A uniform meter rule of mass 100 g is a balanced on a fulcrum at mark 40 cm by
suspending an unknown mass m at the mark 20 cm.
(i) Find the value of m.
(ii) To which side the rule will tilt if the mass m is moved to the mark 10 cm?
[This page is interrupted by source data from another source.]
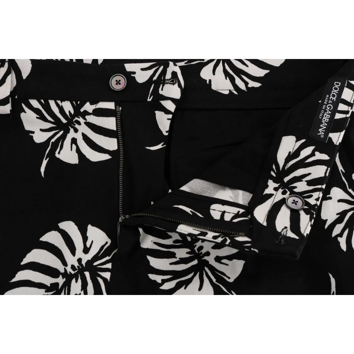 Dolce & Gabbana White Black Leaf Cotton Stretch Slim Pants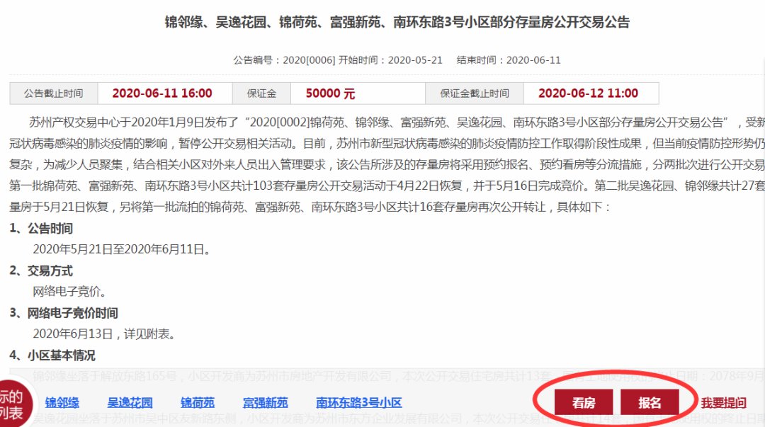 在公告展示页面,点击“报名”或“看房”,根据提示完善相关内容即可!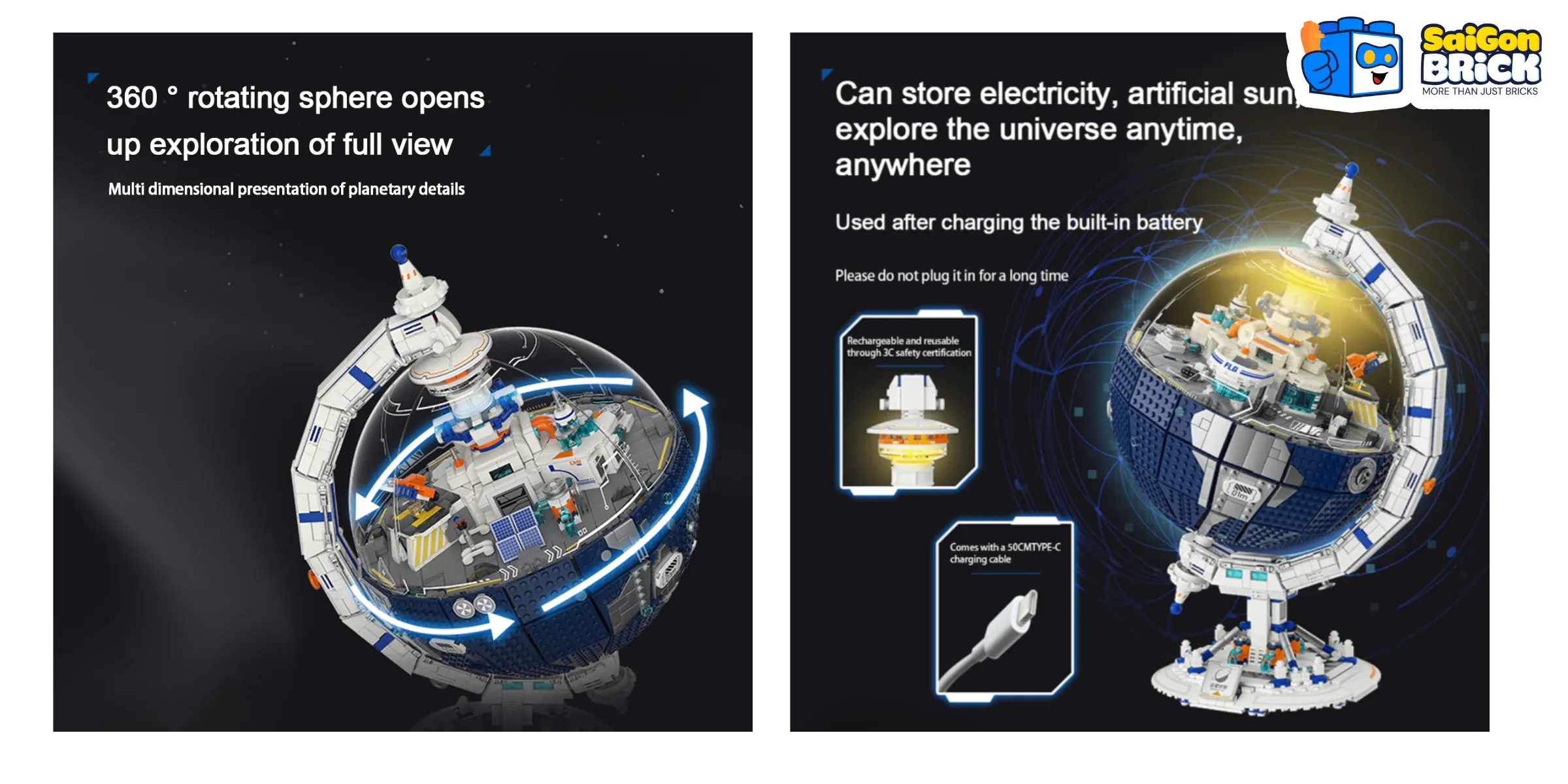 Mô hình địa cầu – trạm không gian có đèn với số lượng mảnh lớn, chi tiết dày và cực kỳ bắt mắt khi lên đèn.

(iii) What is the resultant moment now?
(iv) How can it be balanced by another mass of 50 g?
Answers
Answer:
Therefore, mass 50g will be placed at mark 50cm to balance the rule.
Step-by-step explanation:
(i) Finding the value of m,
The clockwise moment is given by,
⇒M×d1 ….(i)
Where, M is mass of rule i.e. 100g and d1 is the distance of fulcrum from the center of mass of rule.
d1=50cm−40cm=10cm ….(ii)
The anticlockwise moment is given by,
⇒m×d2 ….(iii)
Where, m is an unknown mass and d2is the distance of mass m from the fulcrum.
d2=40cm−20cm=20cm ….(iv)
Now equating the clockwise moment equal to the anticlockwise moment, we get,
From (i) and (iii),
M×d1=m×d2 ….(v)
Putting the values from (ii) and (iv) in (v), we get,
⇒100g×10cm=m×20cm
⇒m=50g
(ii) If the mass m is moved to the mark 10cm, then the balance will shift and the rule will tilt towards mass m.
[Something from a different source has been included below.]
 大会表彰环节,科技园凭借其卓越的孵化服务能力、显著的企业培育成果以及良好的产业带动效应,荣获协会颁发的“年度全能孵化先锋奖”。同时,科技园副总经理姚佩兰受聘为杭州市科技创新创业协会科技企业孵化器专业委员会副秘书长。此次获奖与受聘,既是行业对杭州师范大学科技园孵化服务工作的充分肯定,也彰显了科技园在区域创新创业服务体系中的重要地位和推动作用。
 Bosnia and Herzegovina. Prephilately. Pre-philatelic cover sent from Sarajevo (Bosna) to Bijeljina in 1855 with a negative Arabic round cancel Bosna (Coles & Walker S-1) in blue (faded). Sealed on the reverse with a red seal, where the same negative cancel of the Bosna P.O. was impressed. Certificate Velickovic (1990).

(iii) The resultant moment when the mass m is moved to the mark 10cm is given by,
⇒m×d=50g×30cm=1500g⋅cm (anticlockwise moment)
Where, d=40cm−10cm=30cm
(iv) To balance the rule by another mass of 50g we must place the new mass to the right of the fulcrum so as to counter the anticlockwise moment with clockwise moment,
Let the mark at which mass 50g will be placed be x,
Hence, clockwise moment is,
⇒1000g⋅cm+50g×(x−40) ….(vi)
And, anticlockwise moment is,
⇒1500g⋅cm ….(vii)
Thus, equating (vi) and (vii) and solving for x, we get,
⇒1000g⋅cm+50g×(x−40)=1500g⋅cm
⇒x=50cm